The Mary Louis Academy, also known as TMLA, is an all-girls private Catholic college preparatory academy, located in Jamaica Estates, Queens, New York City.  TMLA's  campus encompasses eight buildings situated on private grounds at the top of one of the highest hills in Queens, hence TMLA's interscholastic nickname "The Hilltoppers".

The Mary Louis Academy was founded in 1936, by the Congregation of the Sisters of St. Joseph of Brentwood, New York, fulfilling their late General Superior, Mother Mary Louis's, dream to found an academy for young women in Queens. Archbishop Thomas Edmund Molloy had a hand in the birth of TMLA due to his conviction that the girls of the Diocese of Brooklyn deserved an academy of their own.

History 
For over 80 years, the Academy's tall, brick and limestone Collegiate Gothic main building on Wexford Terrace has been a distinctive part of the Queens skyline. Despite the increasing number of buildings, it is an architectural landmark that can be seen clearly from the Long Island Railroad. While traveling on the Long Island Railroad in early 1932 Mother Mary Louis, General Superior of the Sisters of St. Joseph, first saw that hilltop in the countryside of Jamaica Estates and selected it as her ideal site for an academy. Although Mother Mary Louis died suddenly on May 22, 1932, her dream of establishing this academy for young women in the urban enclave of Jamaica Estates was continued by her congregation of sisters.

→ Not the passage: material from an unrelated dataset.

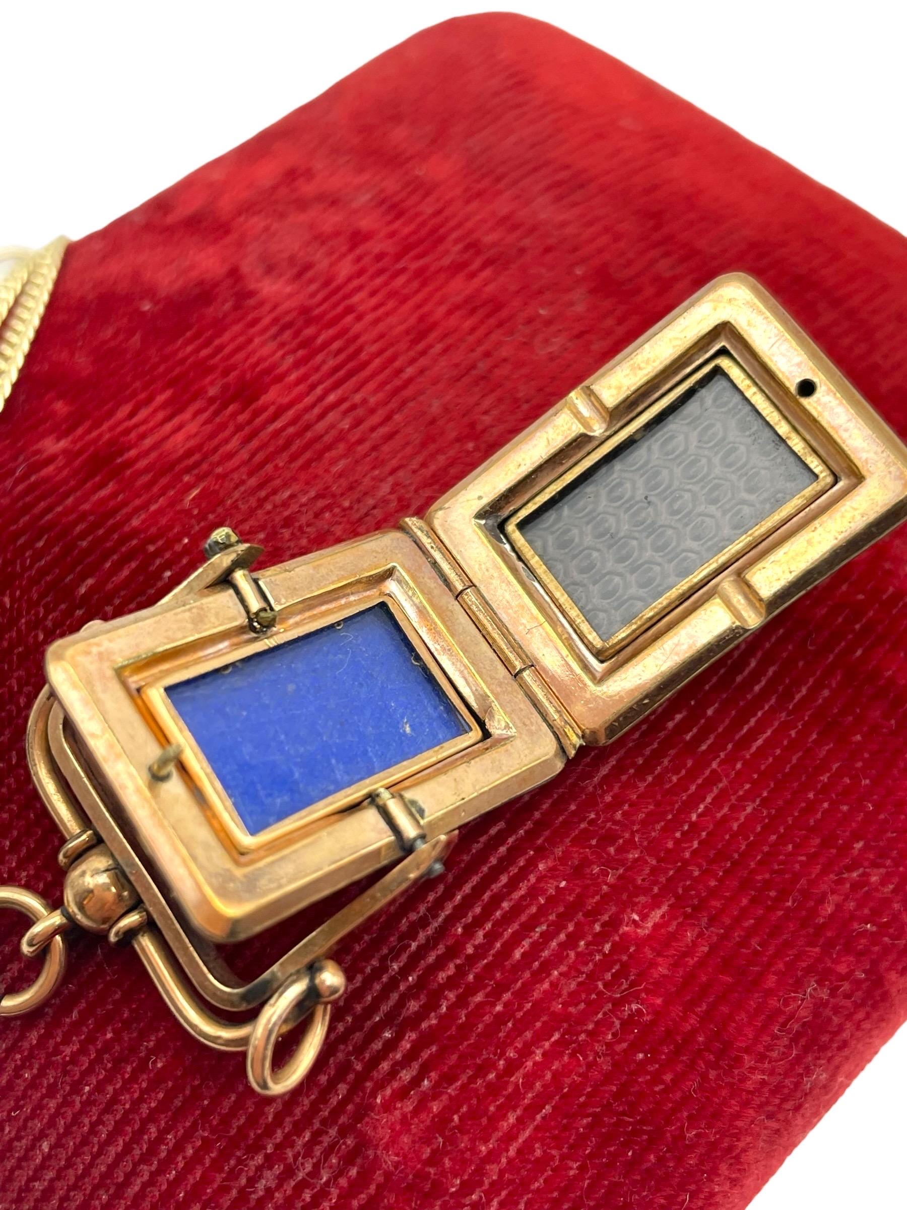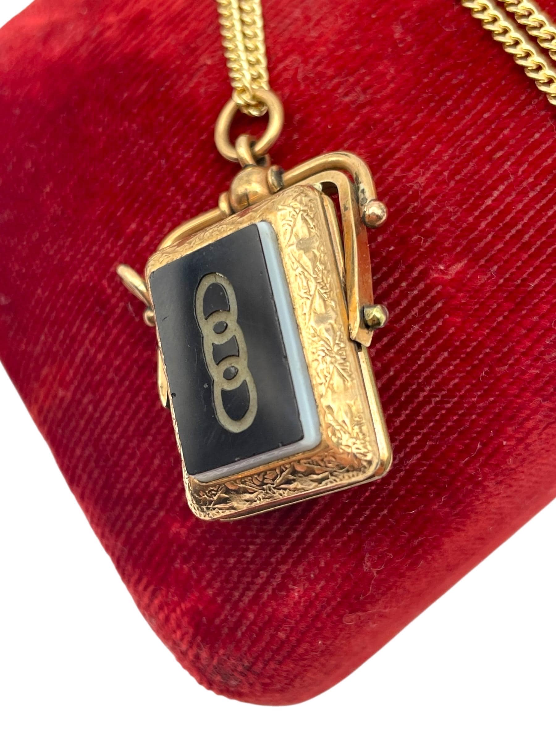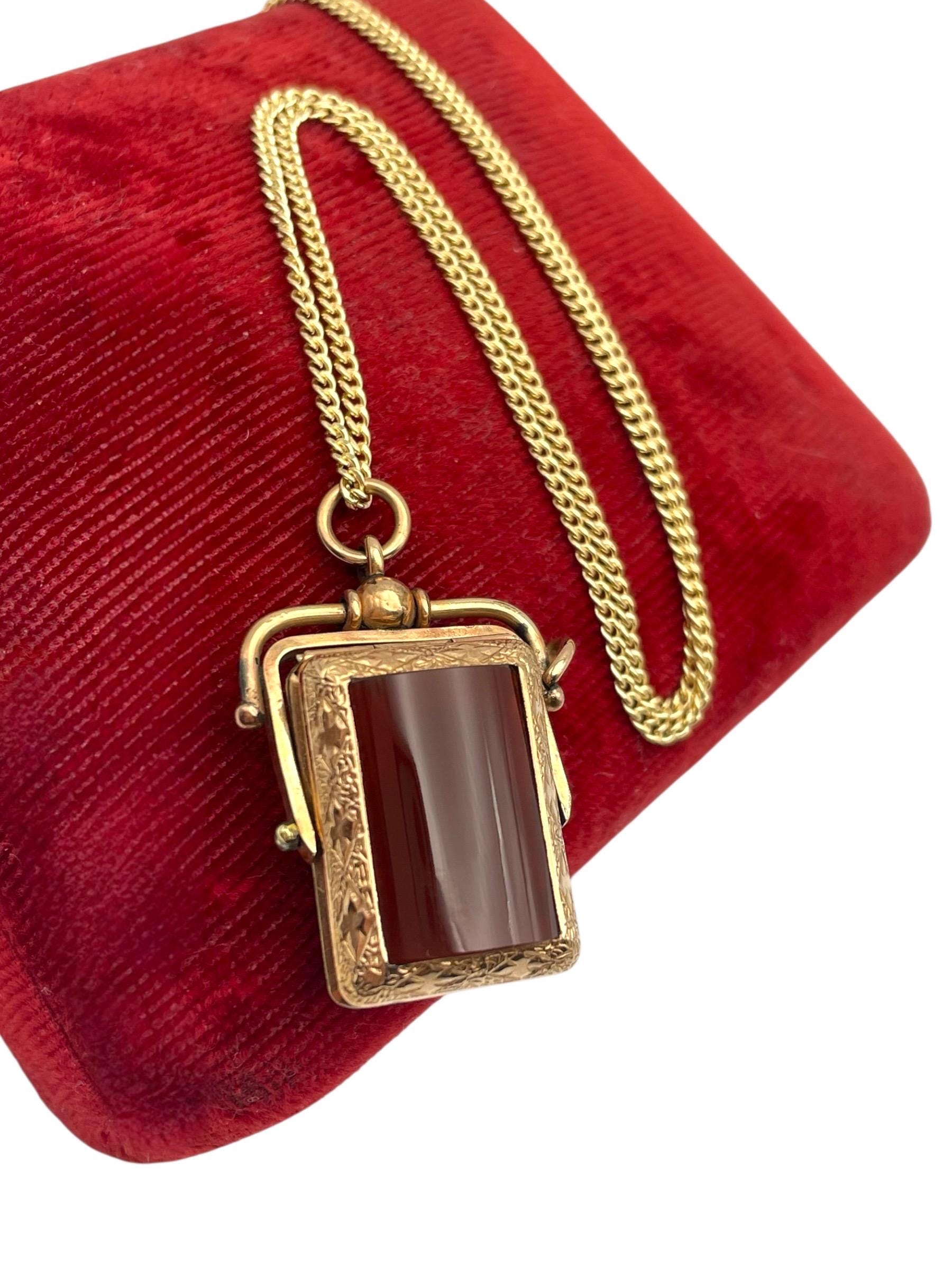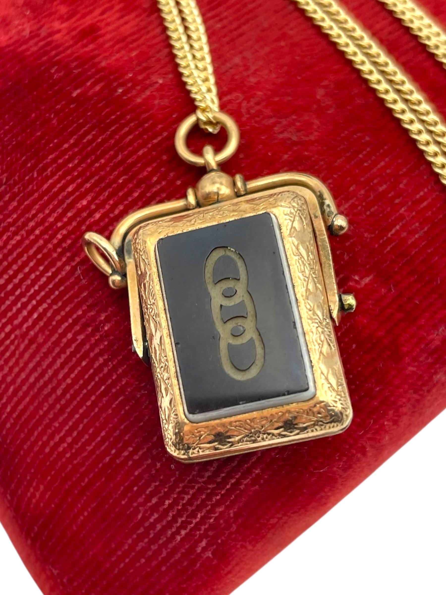 Amazingly detailed antique fob necklace. This necklace is gorgeous - times two! One side of the 10K gold filled locket has a rounded carnelian stone. The other side has a black rectangle with three carved interlocking rings (white under the black top). There is a bail attached to the one side of the fob as well as in the top center.

When Mother Mary Louis' plans to build this academy for girls in Queens were set in motion, the Sisters of St. Joseph came upon an obstacle: that hilltop, the Fox/Adikes estate "Rose Crest", had already been purchased by the Passionist priests of the neighboring Immaculate Conception Monastery, with the intent to build a high school seminary for boys at that location. Archbishop Thomas Molloy intervened and convinced the Passionists to sell the estate to the Josephites, for exactly what they had paid for it themselves.

In 1935 the Sisters of St. Joseph officially acquired the hilltop Rose Crest estate, a landmark of turn of the century Queens, and the Mediterranean Revival white stucco mansion became the convent for the Sisters who were to staff this "Private School for Girls."  Mother Mary Louis had intended the new academy to be named Mother Fontbonne Academy, in memory of Jeanne Fontbonne, the foundress of the Sisters of St. Joseph in Le Puy, France. Archbishop Molloy suggested that the Academy be named in memory of Mother Mary Louis herself, as she had been such a driving force for education in New York and had personally chosen this property. Sister Mary Angelica Clarkin CSJ, Ph.D., the founding principal, applied to the New York Department of Education for the official Academy charter in the name "Mother Mary Louis Academy." When the charter was delivered, it arrived with the first two letters, as well as the last, in the word "Mother" missing, thus the word "The" was permanently affixed to the name of The Mary Louis Academy.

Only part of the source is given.